Sweden's Coronavirus Gamble; Hospitals Running Out of Room for Dead Bodies?. Aired 4:30-5p ET

Aired April 13, 2020 - 16:30   ET

THIS IS A RUSH TRANSCRIPT. THIS COPY MAY NOT BE IN ITS FINAL FORM AND MAY BE UPDATED.


[16:30:00]

JAKE TAPPER, CNN HOST: One New Jersey hospital even is converting its cafeteria into space to hold the onslaught of patients.

And joining me now to discuss this is the chief physician executive at that hospital, Hackensack Meridian Health, Dr. Daniel Varga.

Dr. Varga, thank you so much for joining us, and thanks for the work you're doing.

You're converting the cafeteria to hold non-intensive care unit patients. You have openly talked about employees at your hospital getting sick, contracting coronavirus.
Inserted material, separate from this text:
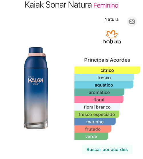 O Kaiak Sonar Feminino da Natura é um perfume feminino (deo colônia) inspirado no frescor do oceano. Ele é uma fragrância floral frutada com notas aquáticas, criada para transmitir sensação de energia, natureza e mar.

Tell us how serious, how dire conditions are at your hospital.

DR. DANIEL VARGA, HACKENSACK MERIDIAN HEALTH: Well, you know, we have got right now about 1,900 patients in our acute care hospitals.

If you look, count our nursing homes and other areas that we provide care, we're up around 2,600 patients total. We have actually at Hackensack University Medical Center, where you're talking about the cafeteria expansion, running just shy of 200 patients and ICU beds, a huge chunk of that being COVID patients, and most of those folks are on ventilators.

But what we did do with the cafeteria -- and this something that we have been doing continuously -- is converting space, mostly to convert normal hospital bed space into ICU space.

But, in this situation, knowing that we had taken away normal hospital bed space, we created a 72-bed unit down in our cafeteria in about a three-to-five-day period of time.

And we probably have that about two-thirds filled right now.

TAPPER: And, Doctor, do you have enough personal protective equipment, enough N95 masks, enough ventilators for the needs of your health care workers and the needs of your COVID-19 patients?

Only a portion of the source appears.